That’s when I got really curious about exactly what makes a person healthy, and what predisposes them to illness. I started digging deep into the medical literature to find out whether such spontaneous remissions were mere accidents or whether there were concrete steps we could take to make our bodies ripe for miracles. The shocking things I found in the scientific literature are all compiled in my book Mind Over Medicine: Scientific Proof That You Can Heal Yourself (BUY it on Amazon, Barnes & Noble, or IndieBound). But I’ll give you a few Cliff notes of what scientists have been proving for decades.:
You can heal yourself, but you can’t do it alone.

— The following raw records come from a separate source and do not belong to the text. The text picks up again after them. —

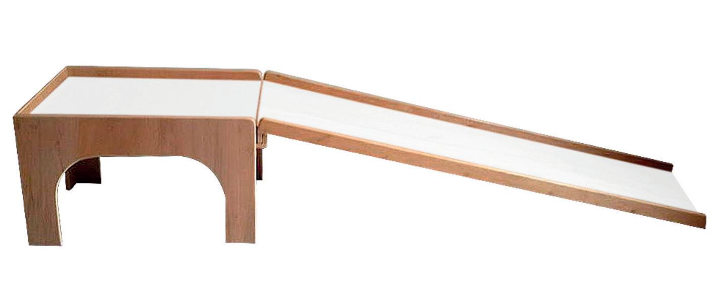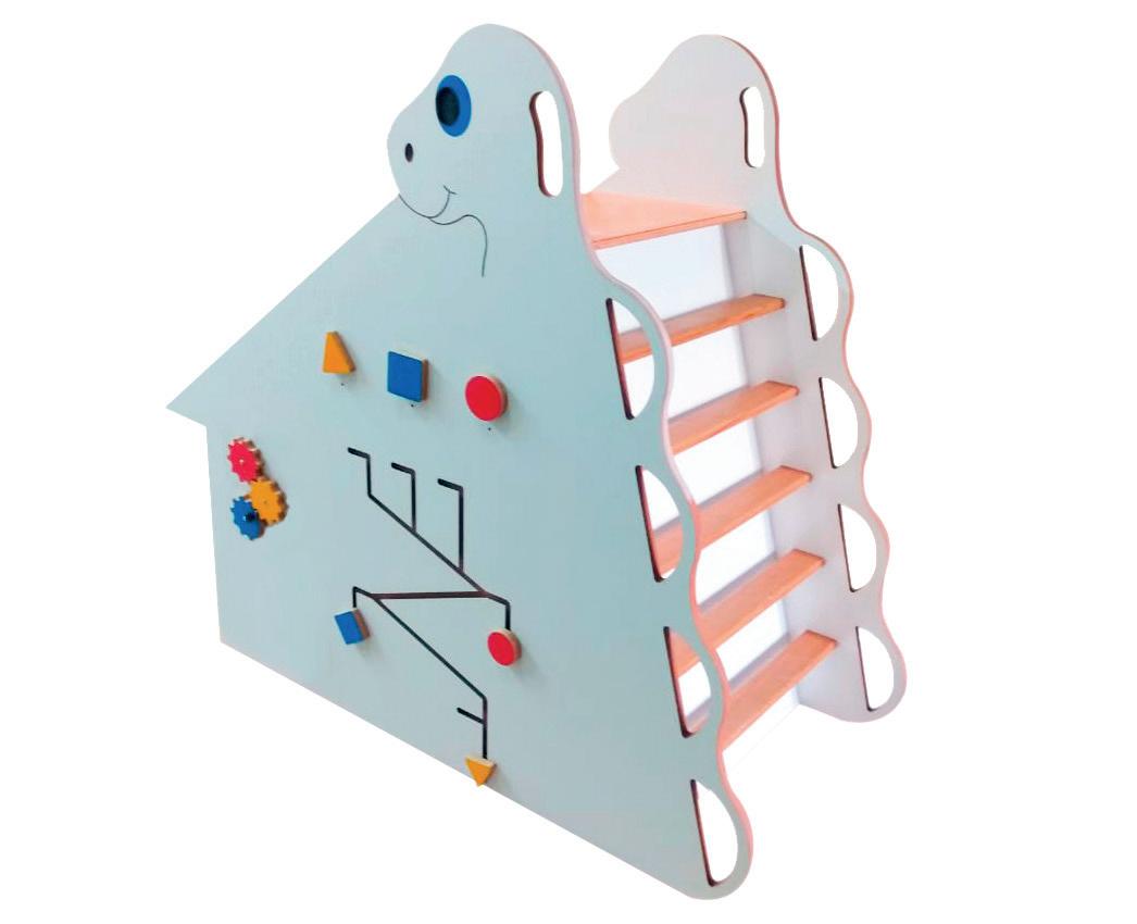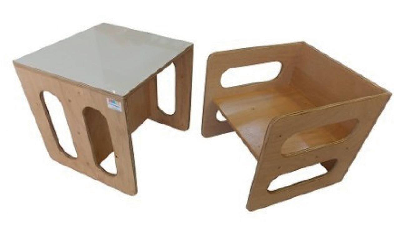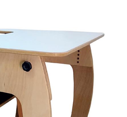 Produzido em compensado tipo exportação com acabamento em verniz. Acompanha mesa acoplada que estimula a realização de atividades manuais e lúdicas.
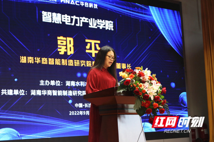 郭平发表讲话,她表达了华商智造院作为智能化集成服务商,在学校领导的指导下,与本土上市公司天行(中国)科技携手共建智慧电力产业学院的初心与决心。引导学生们做持续学习者、奋斗者。
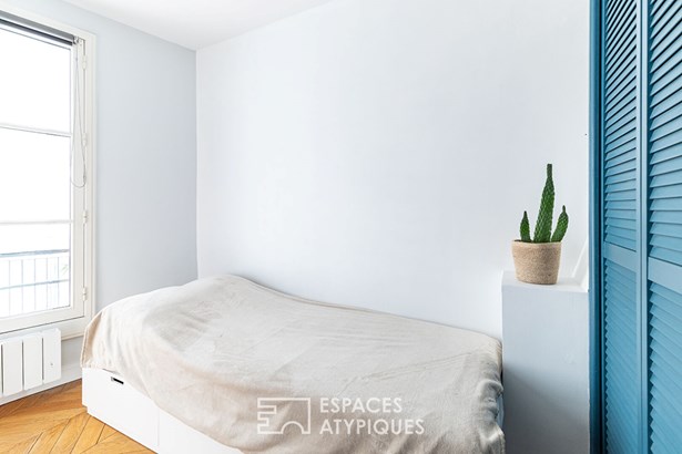 A bright, warm and resolutely Parisian place to live, in a building on a human scale, in the heart of a dynamic, well-served and booming neighborhood.
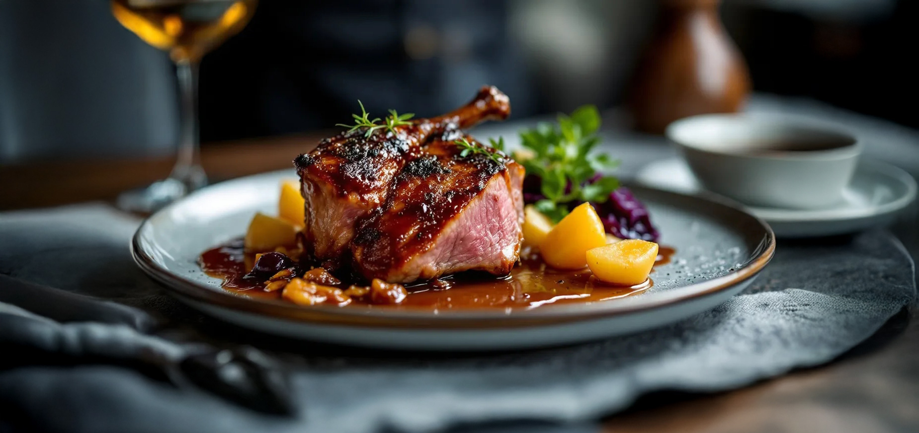 æble-sveske-kompot og hjemmelavet rødkål.
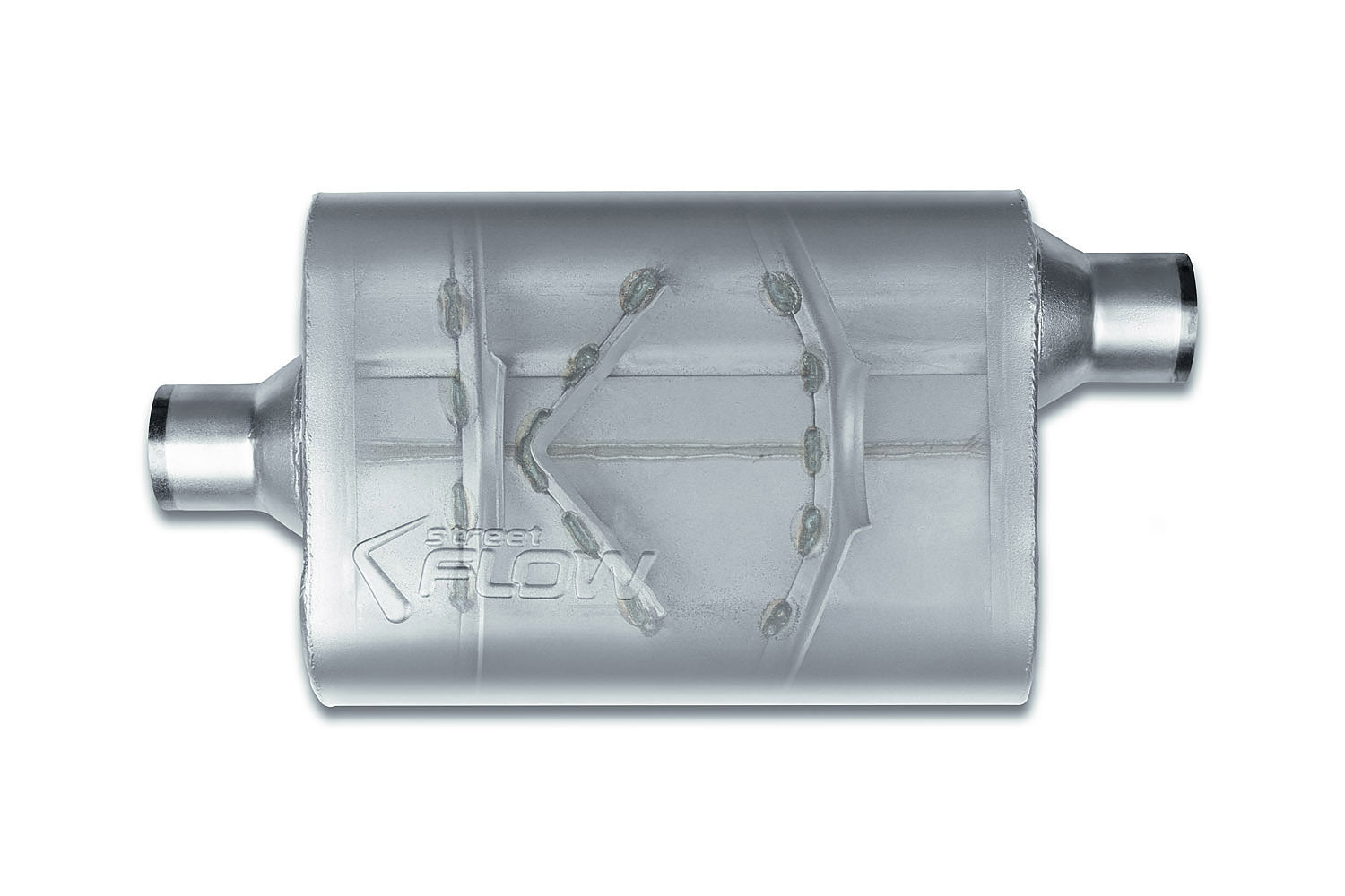 Street Flow, 2 Chamber Performance Muffler, Aggressive to Moderate Tone, 16-Gauge Aluminized Steel, Premium Powder Coat Finish, 2.25" Center In, 2.25" Offset Out, 3 Year Limited Warranty.
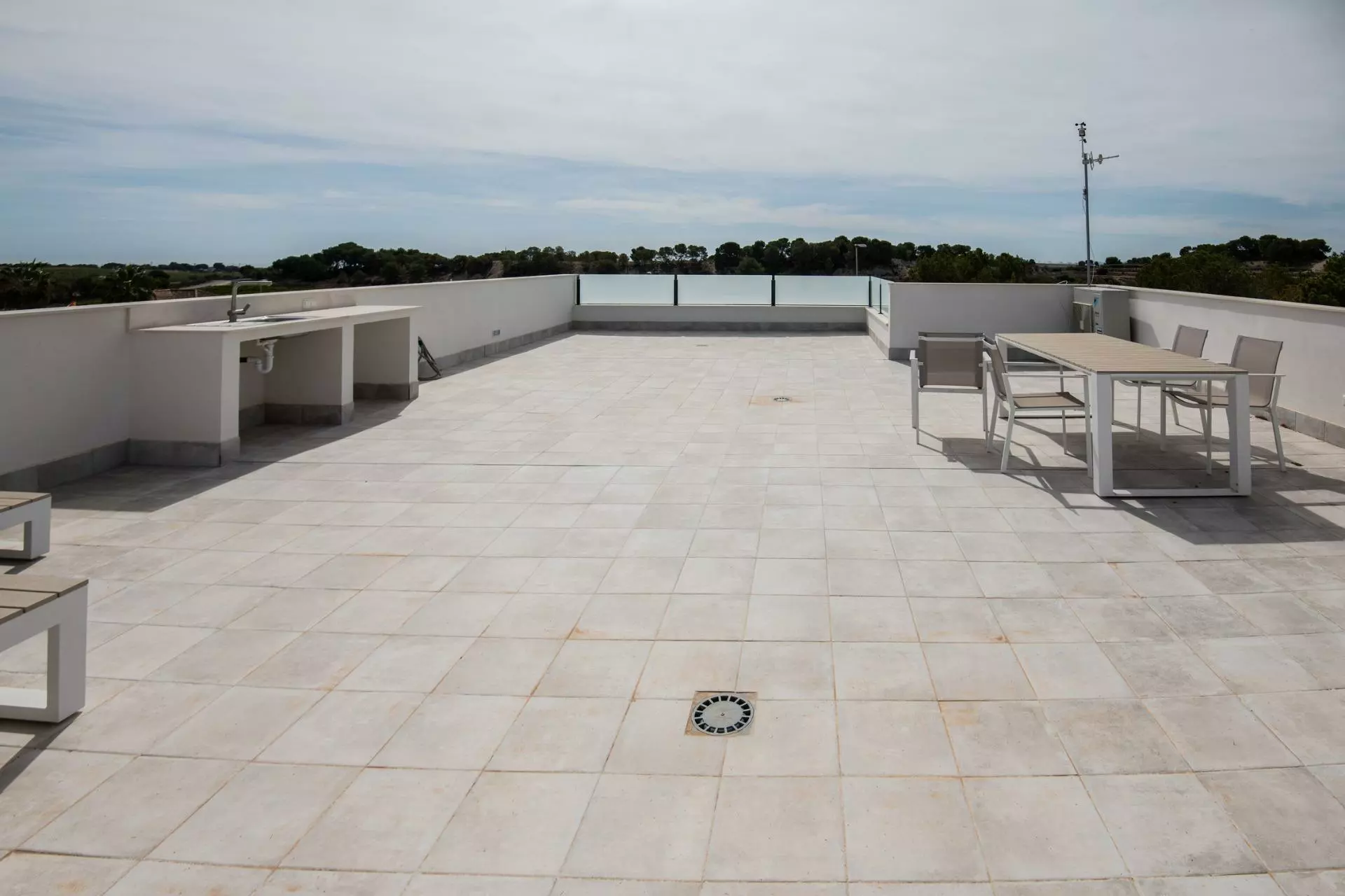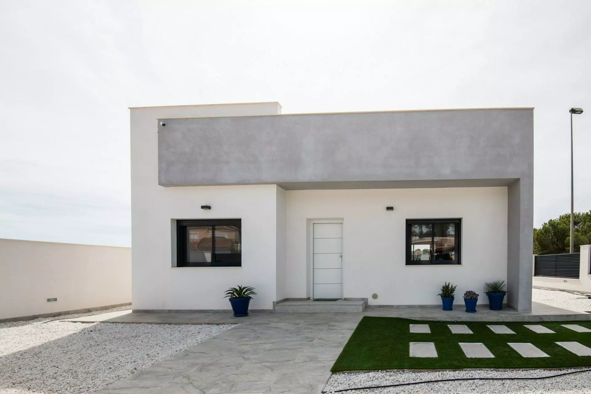 Each villa is situated on independent plots starting at 300 square meters. This offers ample outdoor space for gardening or other activities, enhancing the living experience. Additionally, there is a large solarium, an excellent spot to soak up the sun and enjoy views all around.
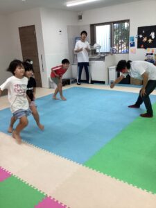 伝言ゲームは途中から内容が変わっていたり~(笑)、足でボールを渡す活動ではこども達は上手にできていましたが
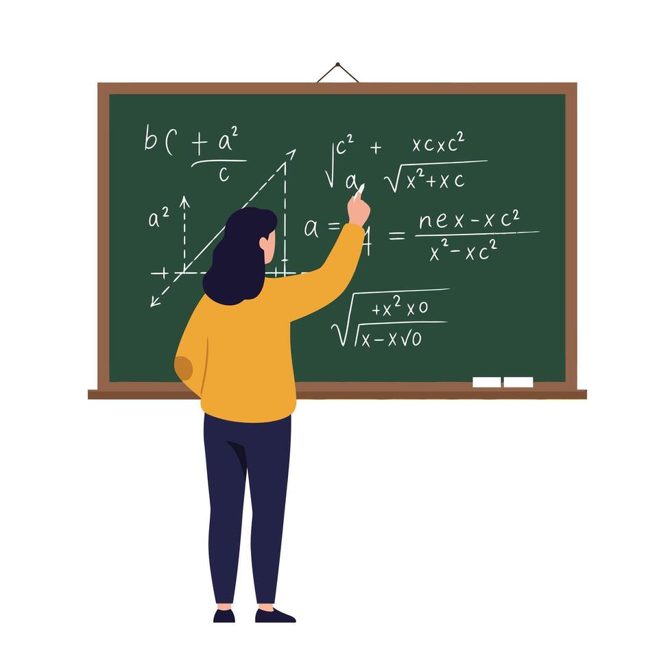 Teacher explaining mathematical equations on a green chalkboard, showcasing flat design style, in a classroom setting, creating an engaging educational atmosphere, illustration Pro Vector
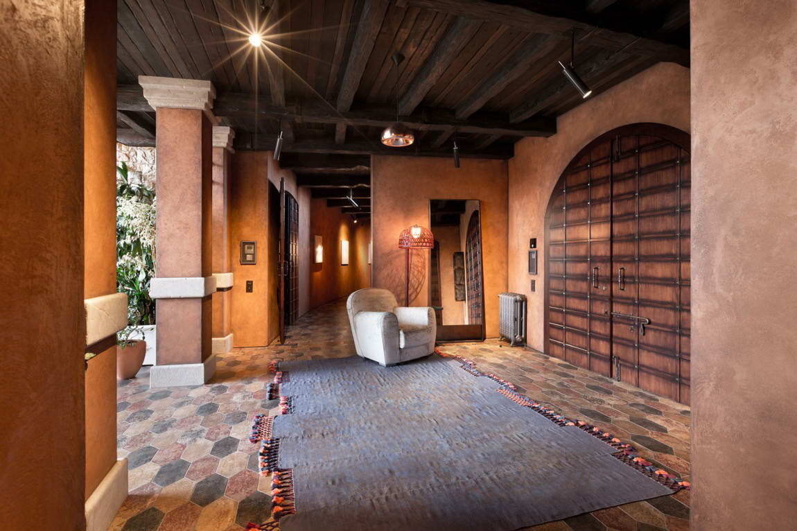 Этот загородный особняк выполнен в стилистике итальянского региона Тоскана. Резиденция наполнена специально отобранными в Италии, Германии, Франции отделочными материалами, элементами интерьера и декора, как, например, голова оленя, отделанная старинным гобеленом 19 века. Как результат видим замковую кухню с вертелом в камине высотой 1,94 м из обработанного вручную массива мрамора. Колодец на площади перед домом выполнен также из мрамора. Балки и потолки из векового дубового бруса. Стены спальни хозяев выполнены из листовой стали, покрытой воском и сочетаются с изысканной тканью Loro Piana. А в спальне юноши с древними иконами соседствуют с картинами Roy Lichtenstein. Название: Резиденция «BO» (Residence BO)

To say that you can heal yourself is sort of a misnomer. The body knows how to heal itself. It is perfectly equipped to repair broken proteins, fight foreign bodies or infectious agents that penetrate
the body’s barriers, and kill the cancer cells we all make every day. But the scientific evidence suggests that you need the care of a healer to facilitate the self-healing process - which should be good news, not just for patients, but for the medical establishment. We need not be threatened by the body’s ability to heal itself. The data suggests that, as doctors, patients NEED us. But they need us to be a healing force, not a force of fear or pessimism. We need doctors to offer positive belief and nurturing care, rather than threatening us with negative news, which merely enables the nocebo effect.
This healer who facilitates your self-healing journey need not be a doctor. It could be an alternative medicine provider, a nurse, a therapist, or a life coach. The key is to find someone who can nurture you, listen to you, love you, spend time with you without rushing you, avoid projecting their own limiting beliefs and fears onto you, and genuinely believe in your ability to care for your own body. (If you have no clue how to find a healer like this, I’m training health care providers at the Whole Health Medicine Institute.
Keep in mind that I’m not suggesting you should withhold Western medical treatment. By all means, if you’re in a car accident, get thee to a trauma center! If you break a bone, let your doctor set it. If you have a severe bacterial infection, accept the antibiotic. And if you have cancer, let them reduce your tumor burden so your body can naturally fight the rest of the cancer cells. Combining Western medical treatment with self-healing techniques can only make your chance for cure greater.
Never underestimate the body’s capacity to enable spontaneous remission when you choose to live in alignment with your truth.
You are not a victim of your genes.
As it turns out, while you can’t change your DNA, you can change how your DNA behaves. We used to think that our genes were our destiny, that diseases like heart disease, breast cancer, alcoholism, depression, high cholesterol - you name it - if it ran in your family, you were basically hosed. But the study of epigenetics is changing everything.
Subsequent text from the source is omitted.